In the dim light of the moon, Eugene settles into his hole and pinches the skin of his palm, making the puckered wound weep. He's surprised to find his blood is warm and sticky, just like any other man's. His lips have chapped in the harsh walk back and Eugene licks them intently with a dry tongue. What he tastes is dirt and metal and Heffron, but what he recalls is a woman with a bare kind of beauty -- her hand firmly pressed over his wrist, the tears shimmering in her eyes. She speaks a language that is familiar and offers him chocolate and kind words. In his memory, she tells him that her hands are not a gift from God, but Eugene knows that is only because she chose to carry the pain with her instead of let it go.
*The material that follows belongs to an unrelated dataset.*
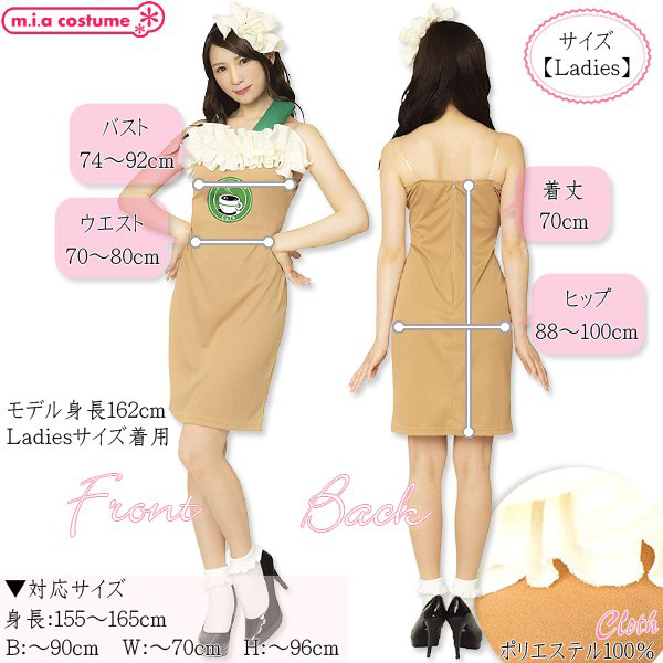 対応サイズ:身長155〜165cm・B〜90cm・W〜70cm・H〜96cm 実寸:B74〜92cm・W70〜80cm・H88〜100cm・着丈70cm(背中心)
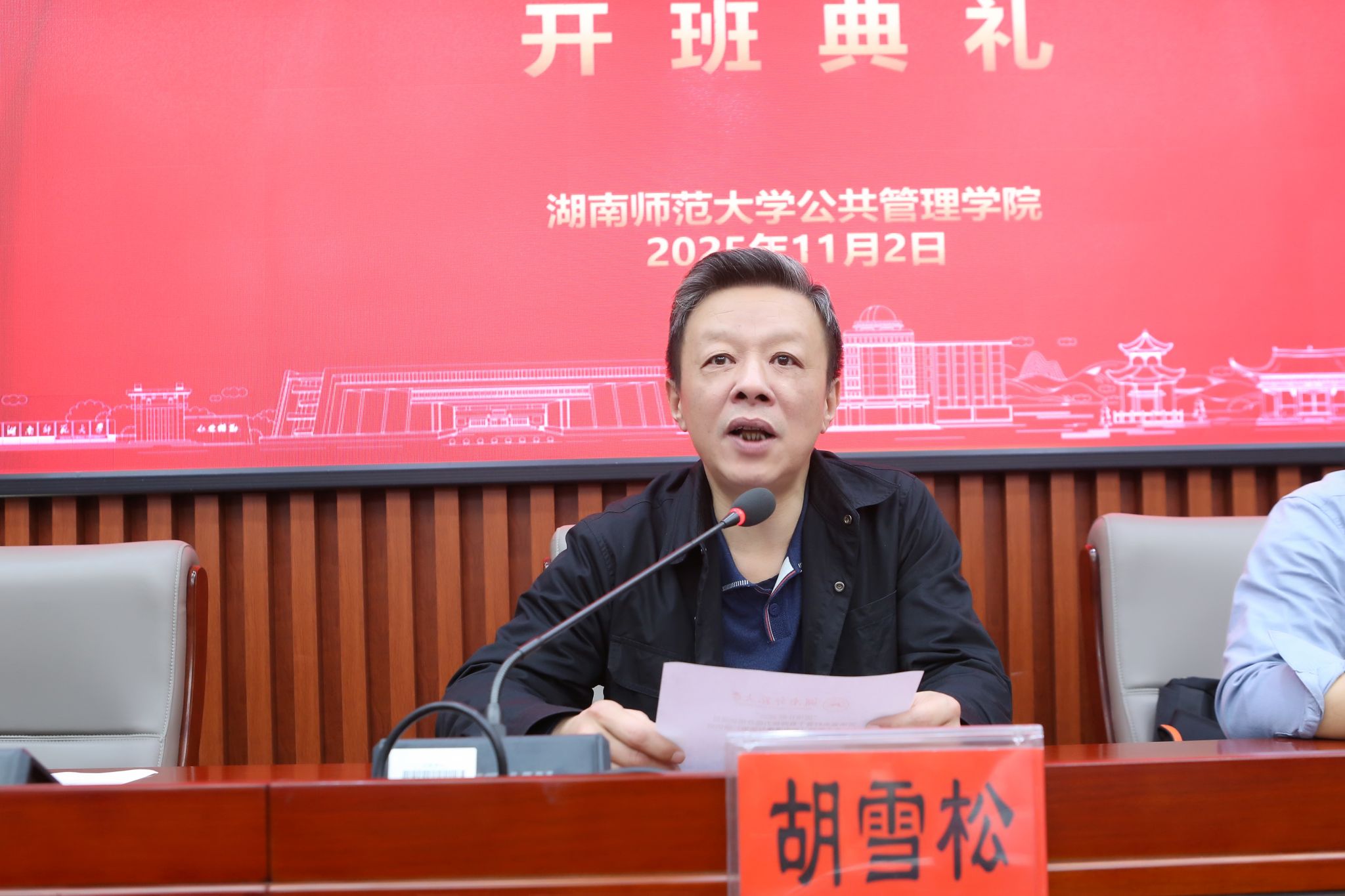 2025年11月2日上午8时,“国培计划2025”-河南省农村骨干教师能力提升项目省级骨干教师(初中道德与法治)培训班开班典礼在公司博后楼三楼报告厅隆重举行。湖南省初中道德与法治名师培养对象、雅礼中学思政教师、雅礼丁江公司董事长马明,公司副经理胡雪松、培训中心主任邹水平参加了典礼,典礼由培训中心副主任刘操主持。

Gingerly, Eugene closes his eyes and closes his fist and begins to wrap his dark grey string around the tightened knot of his fingers, reciting words he learned a lifetime ago in a quiet Louisiana kitchen. He wonders, if he prays hard enough, exactly where his pain for Renee shall go. Into the earth or into the trees, or perhaps even into the sky, where it will gather in the clouds, only to fall back down upon him with the next snow. He's afraid that, wherever the pain goes, it will take the memory of her along with it.

Instead of removing the splinter, Eugene decides to leave it where it is and lets the skin heal over it to form a scar.

 

The next time they are together, Heffron apologizes awkwardly and asks Eugene if it hurts, running a tentative finger over the glassy skin and the dark bit of shrapnel trapped underneath. Eugene smiles at him faintly in the darkness and shakes his head.

"No, Babe, it don't," he says quietly.